The second most predictive feature of misdiagnosis identified in this study was unstable self-image. Previous literature has shown that an unstable sense of self is associated with frequent changes in diagnosis, and often linked to complex and unstable personality characteristics [53]. The high ranking of self-image stability could, however, be a result of the high comorbidity rates between BD and other disorders featuring unstable self-image that were not evaluated by the diagnostic interview used in this study, such as borderline personality disorder [54]. This is especially important considering that such disorders may share a high number of similarities with BD, leading to frequent misdiagnoses [55,56]. The 2 additional symptoms that are ranked high in terms of predictive value for misdiagnosis in this analysis regard reckless spending and increased sexual activity, representing reckless or impulsive behavior, which are included in the diagnostic criteria of both BD and borderline personality disorder [17].

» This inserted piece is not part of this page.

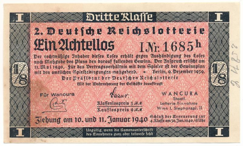 Description: Német Harmadik Birodalom 1940. "2. Deutsche Reichslotterie (2. Német Birodalmi Sorsjáték)" 3. osztály 1/8 sorsjegye, vízjeles papíron, sorszámozással T:XF hajtatlan, folt

Finally, among the top predictors of misdiagnosis were 3 variables related to psychiatric history, including psychiatrist involvement in the diagnosis, age at depression diagnosis, and age at BD diagnosis. Interestingly, the models attributed a higher risk of misdiagnosis to individuals whose depression was diagnosed by a psychiatrist. This may be caused by the fact that patients at high risk of misdiagnosis, such as those with more complex symptom presentation or suspected comorbidities, are usually referred to secondary care, following the National Institute for Health and Care Excellence (NICE) guidelines [57]. However, this finding should be interpreted with caution, as diagnoses made by psychiatrists are generally more accurate than those derived from the CIDI. Also, participants who received a diagnosis of a mood disorder at an older age, or not at all, were more likely to be misdiagnosed. This finding is surprising, as previous literature suggests that the severity and impact of symptoms decline with age, with 86% of patients with BD diagnosed by the age of 25 [58]. However, it is possible that due to milder symptoms, patients who are older may remain undiagnosed for longer periods of time.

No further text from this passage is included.